After completing the training, we asked how well the network can predict the citations accumulated by authors that were not in the training group. The common way to quantify the goodness of such a prediction is with the coefficient of determination, R2. The higher the coefficient of determination, the stronger the correlation of the prediction with the actual number, hence the better the prediction. The below figure shows the result of our neural network, compared with some other predictors. As you can see we did pretty well!
The blue (solid) curve labelled “Net” shows how good the prediction of our network is for extrapolating the h-index over the number of years. The other two curves use simpler predictors on same data. |
We found a coefficient of determination of 0.85 for a prediction over ten years. Earlier studies based on machine learning found 0.48 in the life-sciences and 0.72 in the computer sciences.
But admittedly the coefficient of determination doesn’t tell you all that much unless you’re a statistician. So for illustration, here are some example trajectories that show the network’s prediction compared with the actual trend (more examples in the paper).
However, that our prediction is better than the earlier ones is only partly due to our network’s performance. Turns out, our data are also intrinsically easier to predict, even with simple measures. You can for example just try to linearly extrapolate the h-index, and while that prediction isn’t as good as that of the network, it is still better than the prediction from the other disciplines. You see this in the figure I showed you above for the coefficient of determination. Used on the arXiv data even the simple predictors achieve something like 0.75.

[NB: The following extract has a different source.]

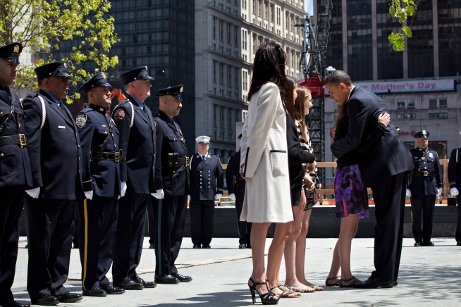 President Barack Obama greets 14-year old Payton Wall at the site of the National September 11th Memorial and Museum at Ground Zero in New York, N.Y., May 5, 2011. The President received a letter from Wall, who lost her father in the World Trade Center attack, and asked that she be invited to the ceremony. Standing with Wall are her mother Diane, her sister Avery, and friend Madison Robertson, who also lost her father on 9/11. (Official White House Photo by Pete Souza)
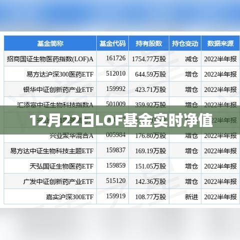 随着金融市场的不断发展和创新,基金产品日益丰富,其中LOF基金因其独特的优势受到广大投资者的青睐,本文将重点关注12月22日的LOF基金实时净值,为投资者提供有关信息,以便更好地把握市场动态和投资机会。

Why that is so, we don’t know. One possible reason could be that the sub-disciplines of physicists are more compartmentalized and researchers often stay in the fields that they started out with. Or, as Nima Arkani-Hamed put it when I interviewed him “everybody does the analytic continuation of what they’ve been doing for their PhD”. (Srsly, the book is fun, you don’t want to miss it.) In this case you establish a reputation early on and your colleagues know what to expect from you. It seems plausible to me that in such highly specialized communities it would be easier to extrapolate citations than in more mixed-up communities. But really this is just speculation; the data don’t tell us that.
Having said this, by and large the network predictions are scarily good. And that’s even though our data is woefully incomplete. We cannot presently, for example, include any papers that are not on the arXiv. Now, in some categories, like hep-th, pretty much all papers are on the arXiv. But in other categories that isn’t the case. So we are simply missing information about what researchers are doing. We also have the usual problem of identifying authors by their names, and haven’t always been able to find the journal in which a paper was published.
Now, if you allow me to extrapolate the present situation, data will become better and more complete. Also the author-identification problem will, hopefully, be resolved at some point. And this means that the predictivity of neural networks chewing on this data is likely to increase some more.
Of course we did not actually make future predictions in the present paper, because in this case we wouldn’t have been able to quantify how good the prediction was. But we could now go and train the network with data up to 2018 and extrapolate up to 2028. And I predict it won’t be long until such extrapolations of scientists’ research careers will be used in hiring and funding decisions. Sounds scary?
Oh, I know, many of you are now dying to see the extrapolation of their own publishing history. I haven’t seen mine. (Really I haven’t. We treat the authors as anonymous numbers.) But (if I can get funding for it) we will make these predictions publicly available in the coming year. If we don’t, rest assured someone else will. And in this case it might end up being proprietary software.
My personal conclusion from this study is that it’s about time we think about how to deal with personalized predictors for research activity.
I am proud of my intellectual growth over the decades, finally actually understanding physics through teaching it, and following my star in my research, with the best still ahead....whee! what a privilege, to be alive, and doing physics!
ReplyDeletebee:
ReplyDeletewhy should anyone care about such things?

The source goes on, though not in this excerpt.